Sir Peter Bottomley explained explained that this was statutory instrument 2020/632 “which causes absolute and complete chaos, and gave the equivalent of several billion pounds to landlords.
“They ruin the values of the homes or the lives of many leaseholders not just by doing the work but by threatening to do the work or by selling flats that don’t exist.”
Minister Maclean replied that the veteran MPs were raising an issue “that I’m aware of from my correspondence does affect people”. But enfranchisement would help.
Sir Peter replied: “If people do enfranchise they should not have to pay for the hope value of what might be allowable under 2020/632 features.”
LKP is aware of numerous enfranchisement cases where these permitted development rights are cited as grounds for a hugely inflated freehold value.
Beth Rudloph, of the Conveyancing Association which has been so vehement in its criticisms of leasehold administration fees levied at point of sale of flats, asked about the regulation of property agents as advised in the Regulation of Property Agents report carried out by Lord Best.
Lord Best was an attendee at the APPG meeting.
Minister Maclean replied: “I fully understand the work that Lord Best has done, it is very comprehensive and wide ranging, but unfortunately it is beyond the scope of what we can do in this particular piece of legislation.”
On Friday 10 November, the Conveyancing Association expanded these points:
The Conveyancing Association (CA) said it is “relieved” to see a Leasehold and Freehold Bill in this week’s King’s Speech, however urged the Government to also look at other key areas such as the introduction of Commonhold and the Regulation of Property Agents (ROPA). The King’s Speech included a specific Leasehold and Freehold Bill which […]

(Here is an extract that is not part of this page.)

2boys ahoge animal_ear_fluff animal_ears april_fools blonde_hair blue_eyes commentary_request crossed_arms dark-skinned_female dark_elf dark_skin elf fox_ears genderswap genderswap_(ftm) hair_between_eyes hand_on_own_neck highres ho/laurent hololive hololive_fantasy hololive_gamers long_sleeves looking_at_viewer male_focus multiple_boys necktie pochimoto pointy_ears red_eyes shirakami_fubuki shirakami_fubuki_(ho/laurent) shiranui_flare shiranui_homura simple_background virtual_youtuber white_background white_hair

Mark Chick, of the Association of Leasehold Enfranchisement Practitioners, asked about the progress of the Commonhold Council, which has stalled in recent months.

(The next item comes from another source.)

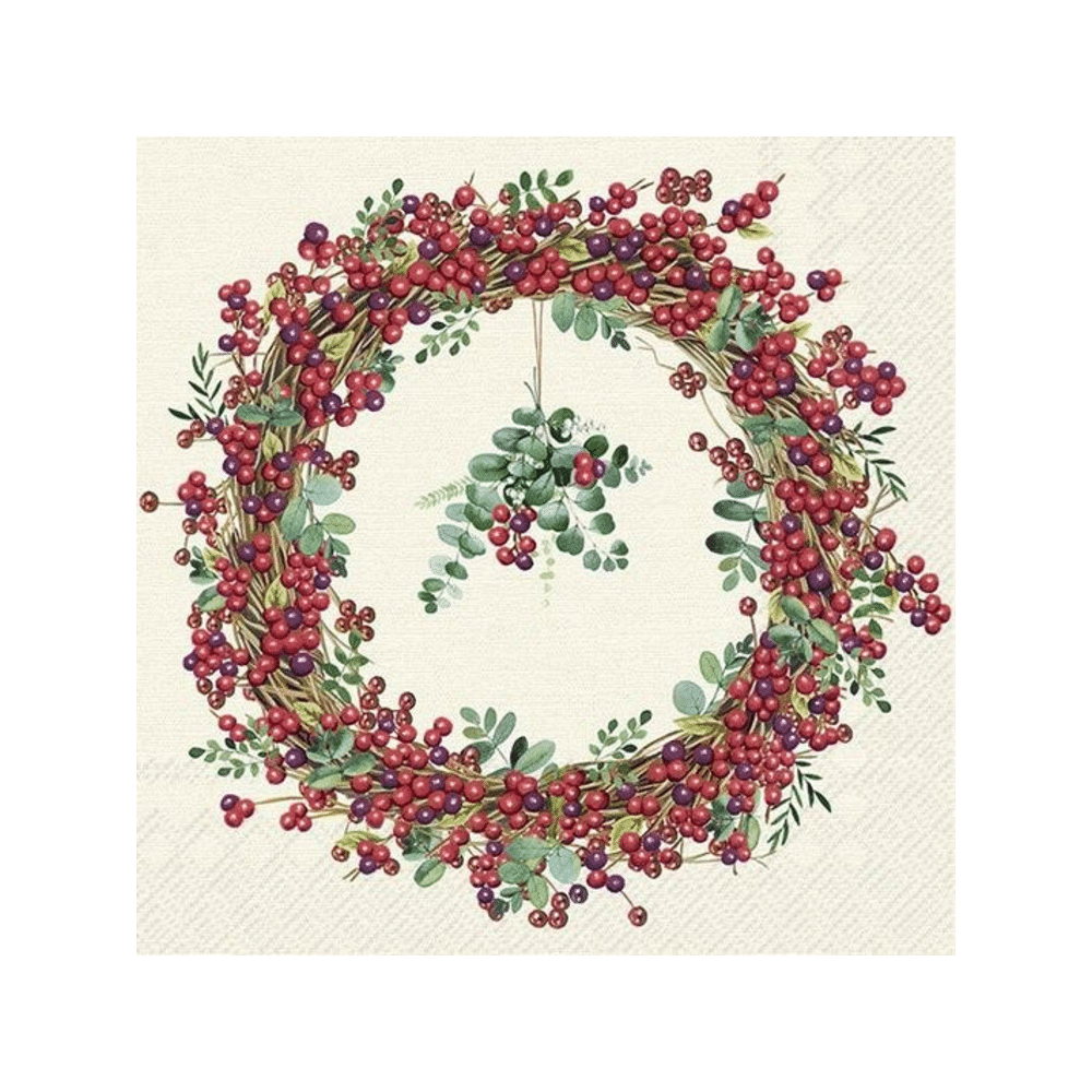 - Product: Ihr 10134 Berry Wreath Lunchservet Cream

Minsiter Maclean replied: “The Commonhold Council has been incredibly important in informing our thinking and how we responded to the Law Commission’s recommendations.
“As you will know that was a very wide-ranging piece of work with a huge numbers of recommendations. What we have been doing is working with them and we will continue to do that because we think that their work is vital in looking at how commonhold can form a greater part of the UK’s property offering.
“It is not the right time to take all of that work forward in this Bill. It would become too big for us to manage and for us to reliably get through Parliament. What we want to do is focus on measures that will make a real difference to existing leaseholders right now, which this Bill will do.”
London leaseholder and campaigner Joe Douglas (centre, at rear) asked why the government did not block the sale of freeholds to private investors, and why flats were not mandated to be sold with a share of freehold.
Minister Maclean repeated: “This is an incredibly sweeping reform to property law. Probably one of the most comprehensive and significant that any government has brought forward for a very, very long time.
“And it is very important that we do so without completely destabilizing the whole of the property and building industry because that would not be in anybody’s interests.
“Is the reform going to be everything that everybody wants? No, it’s not, but it can be delivered and it will help millions of people restore true homeownership freeing them from a set of rip-off circumstances under which they were living before. And i think it is the right thing to do.”
Paula Higgins, of the Home Owners Alliance, wanted to know whether marriage value would be abolished and would leaseholders still be made to pay for freeholders’ costs.
Minister Maclean replied: “Marriage value will be abolished and we will say more about how the cost will work when we come forward with the Bill.”